Electron transport chain(ETC)
Transfer of electrons from substrate to molecular oxygen through a chain of electron carriers is
called electron transport chain or respiratory chain. Mitochondria contains a series of catalysts
forming the respiratory chain which are involved in the transfer of electrons and hydrogen and
their final reaction is with oxygen to form water. The components of respiratory chain are
arranged sequentially in the order of increasing redox potential.
Electrons flow through the chain in a stepwise manner from lower redox potential to higher
redox potential. Some amount of energy is liberated with transfer of electron from one
component to another. Whenever there is a release of 7.4 Kcal of energy or a little more, then
ATP formation takes place there. NADH forms 3 ATPs whereas FADH2 forms only 2 as it
enters ETC at the site beyond the first site of ATP formation.
The/three sites of ATP formation in the ETC or respiratory chain are:
1. Between NADH dehydrogenase (flavoprotein) and ubiquinone (coenzyme Q).
2. Between cytochrome-b and cytochrome-c1.
3. Between cytochrome-a and cytochrome-a3 (cytochromes oxidase).
Figure: The components of ETC, their redox potential and their sequence is
Phosphorylation:
Esterification of a phosphate through a high energy bond (7.4 Kcal) is known as
phosphorylation. Combination of inorganic phosphate (Pi) with any other compound through
high energy bond is known as phosphorylation. Or formation of ATP from ADP and phosphate
or NTP from NDP and Pi is known as phosphorylation.
P/O ratio
It is ratio of the number of molecules of ADP converted to ATP to the number of oxygen atoms
utilized by respiratory chain. • It is a measure to the efficiency of oxidative phosphorylation. • It
is 3/1 if NADH+H+ is used and 2/1 if FADH2 is used.
There are two types of phosphorylation:
1. Substrate level phosphorylation:
Formation of high energy phosphate bond at the level of a substrate without the involvement of
the respiratory chain is known as substrate level phosphorylation. Ex. Phosphoenolpyruvate is
converted to pyruvate by pyruvate kinase where ATP is formed from ADP.

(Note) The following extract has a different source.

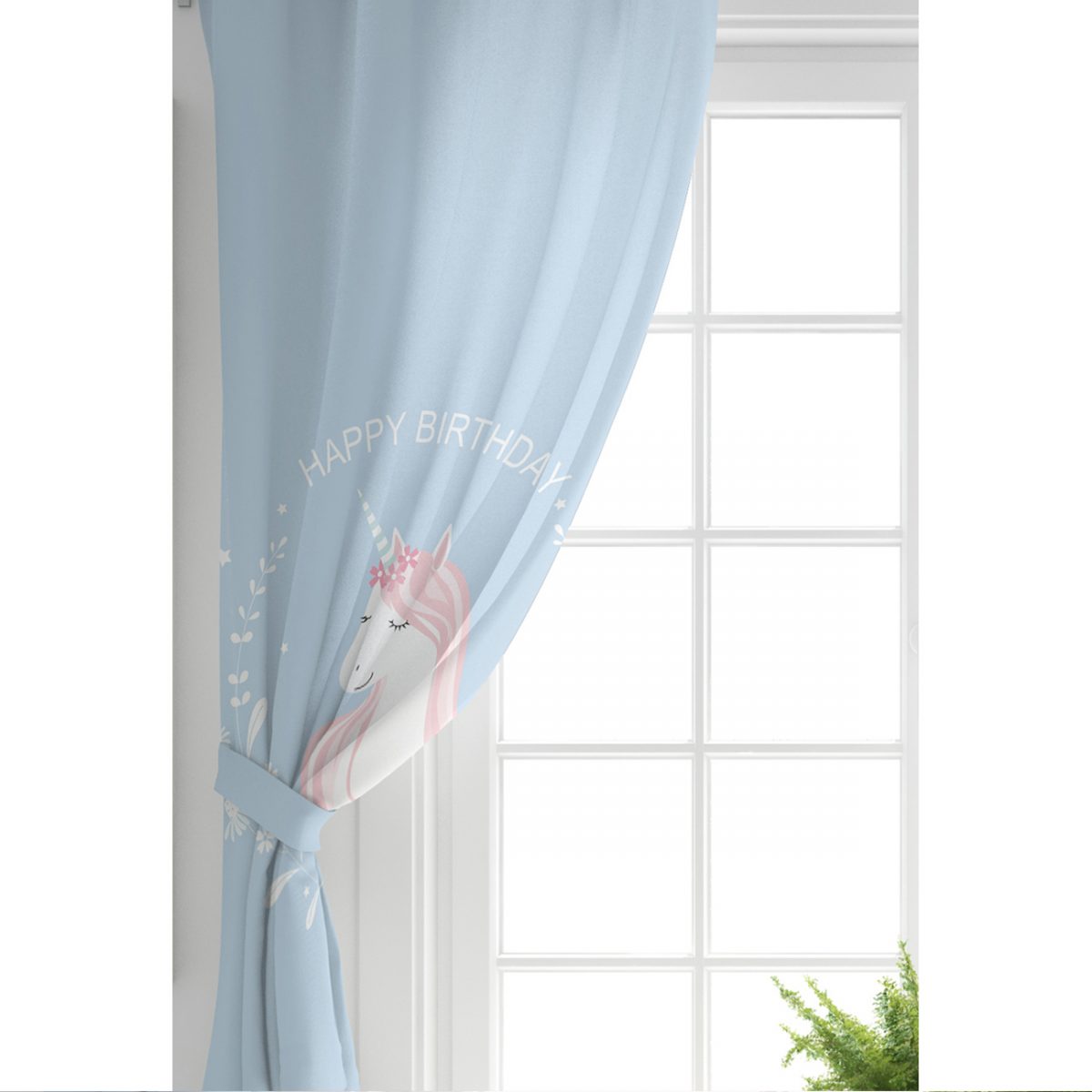 Mavi Zeminde Unicorn At Tasarımlı Bebek Odası Fon Perde

2. Oxidative phosphorylation:
The enzymatic phosphorylation of ADP to ATP coupled with electron transport from a substrate
to molecular oxygen is known as oxidative phosphorylation or respiratory chain phosphorylation.
Mechanism of oxidative phosphorylation
Mechanism of oxidative phosphorylation was explained by three theories out of which only two
theories are mentioned
There are 2 theories: 1.The chemical theory.
2.The chemiosmotic theory.
1. Chemical theory:It suggests that there is a direct chemical coupling of oxidation and
phosphorylation through high-energy intermediate compounds. •This theory is not accepted, as
postulated high-energy intermediate compounds were never found.
2. Chemiosomotic theory
It suggest that the transfer of electrons through the electrons transport chain causes protons to be
translocated (pumped out) from the mitochondrial matrix to the intermembrane space at the three
sites of ATP production (i.e. it acts as a proton pump) resulting in an electrochemical potential
difference across the inner mitochondrial membrane.
Salient features of Chemiosomotic theory
The electrical potential difference is due to accumulation of the positively charged
hydrogen ions outside the membrane.
The chemical potential difference is due to the difference in pH, being more acidic
outside the membrane.
This difference forces ATP synthase to generate ATP from ADP and inorganic
phosphate.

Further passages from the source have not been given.